STM32F103C8T6 Microcontroller Pinout

Pin Configuration Overview

You work with a chip that has 48 pins. You find 37 pins for general-purpose input/output (GPIO). You also get 10 pins for analog input. Some pins have special functions, like reset and boot. The table below helps you see how these pins are distributed:

You use these pins to connect sensors, displays, and other devices. You can control LEDs, read switches, or send signals to motors. The STM32F103C8T6 Microcontroller gives you flexibility for many projects.

GPIO and Alternate Functions

You use GPIO pins to read digital signals or send them out. You can set each pin as input or output. Many pins support alternate functions. You switch a pin from basic GPIO to a special role, like UART, SPI, I2C, or PWM. This lets you connect to other chips or modules.

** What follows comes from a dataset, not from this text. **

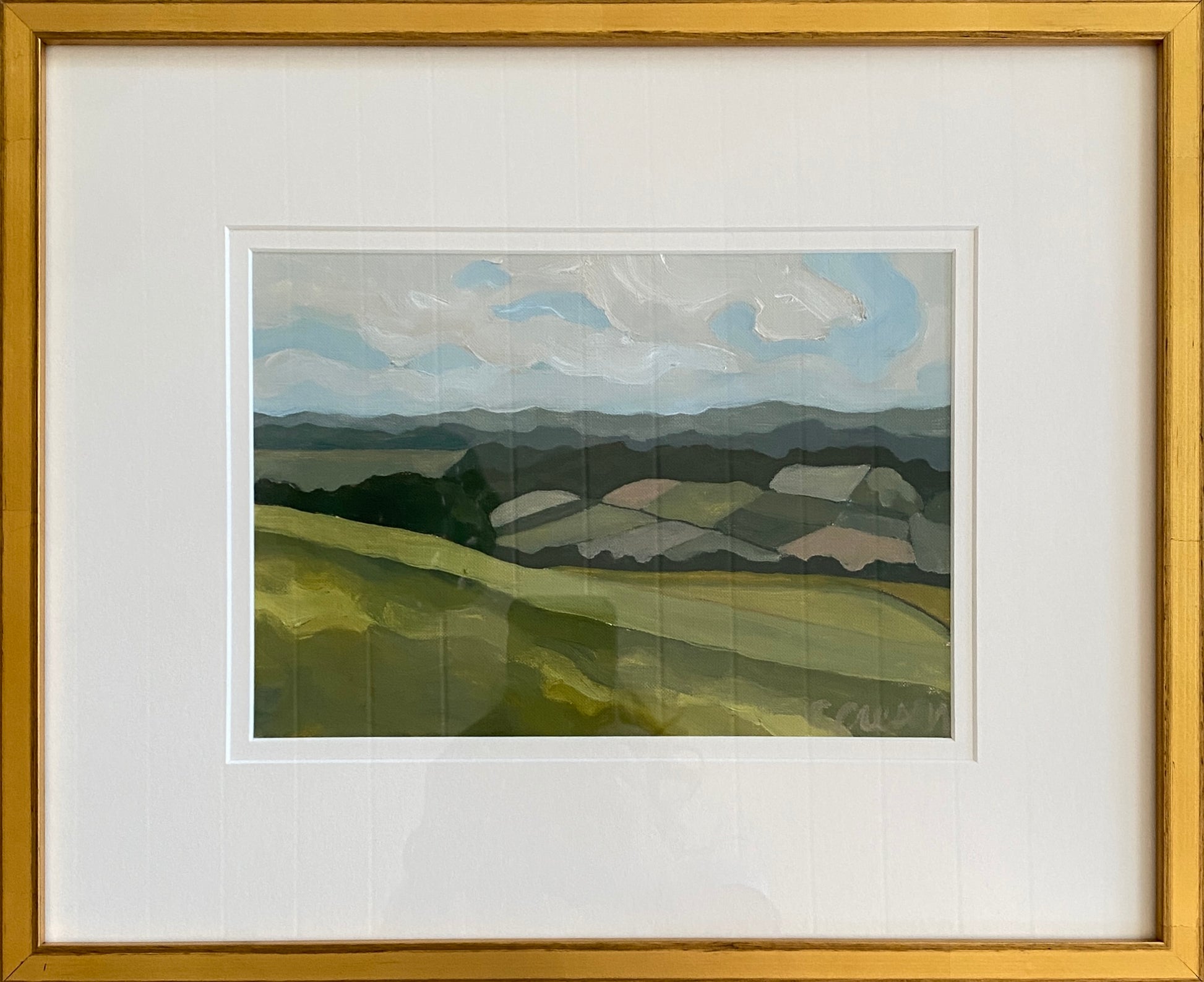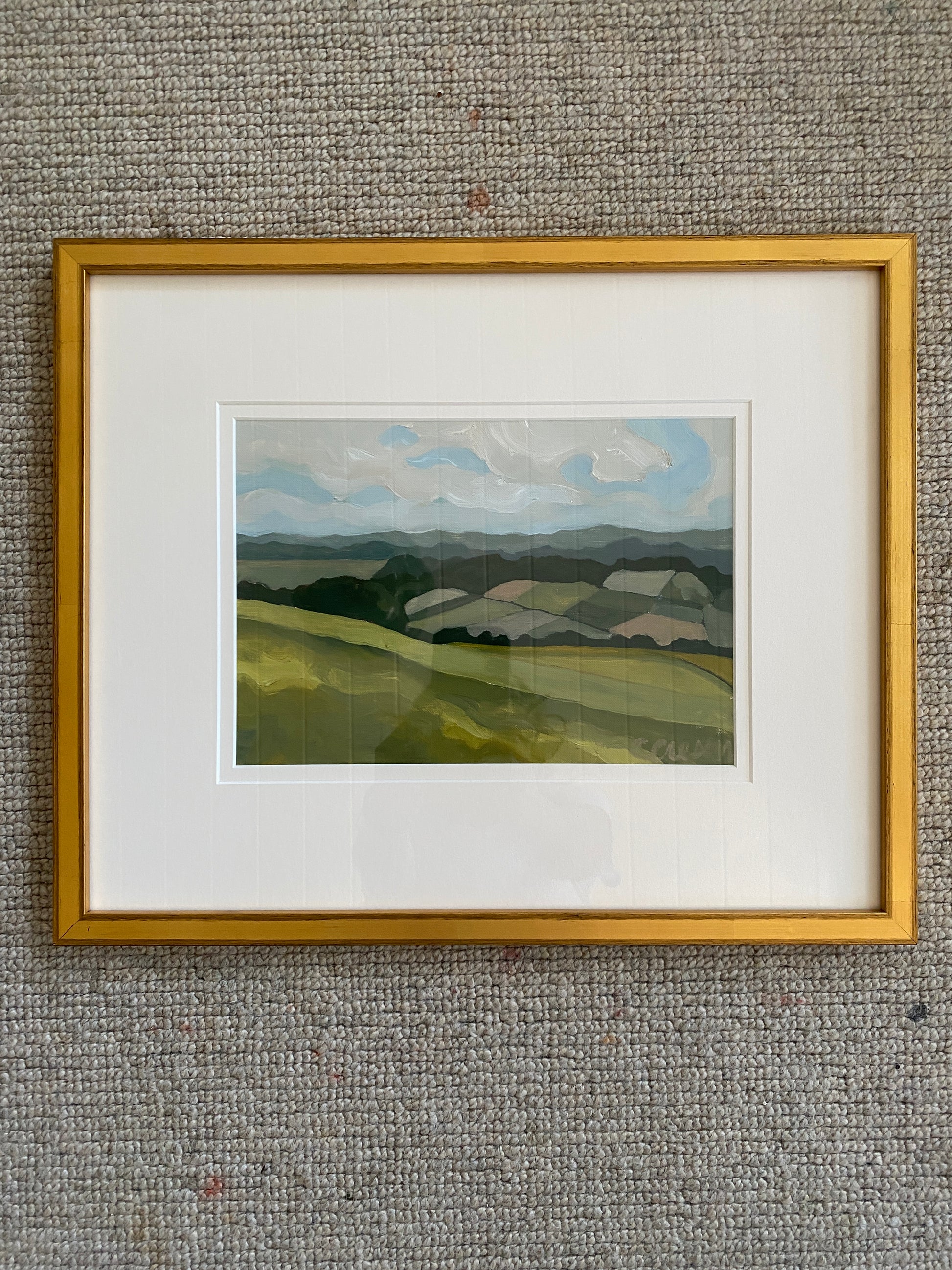 Original, signed oil painting on paper, framed in ivory mat and gold frame to size 15" x 17".

Here is a quick look at some key pin functions:

Tip: You can change a pin’s function in your code. This helps you use the same hardware for different tasks.

You find that alternate functions make your design more powerful. You can use one pin for communication or control, depending on your needs.

Analog Inputs and Special Pins

You use analog input pins to read signals from sensors. These pins measure voltage and convert it to a digital value. The STM32F103C8T6 Microcontroller gives you 10 analog input pins. You get 12-bit resolution, which means you can measure values from 0 to 4095.

You connect temperature sensors, light sensors, or other analog devices to these pins. You also find special pins for reset and boot. These pins help you start or program the chip.

Note: You should use analog pins for signals that change smoothly, like temperature or light.

Power and Ground Pins

You power the STM32F103C8T6 Microcontroller with a voltage between 2.0V and 3.6V. You connect the ground pin (VSS) to your circuit’s ground. The table below shows the main power details:

You want your design to use less power. The chip supports different modes. You see how much power each mode uses in the chart below:

Tip: You save battery life by using standby or shutdown modes when your project does not need full power.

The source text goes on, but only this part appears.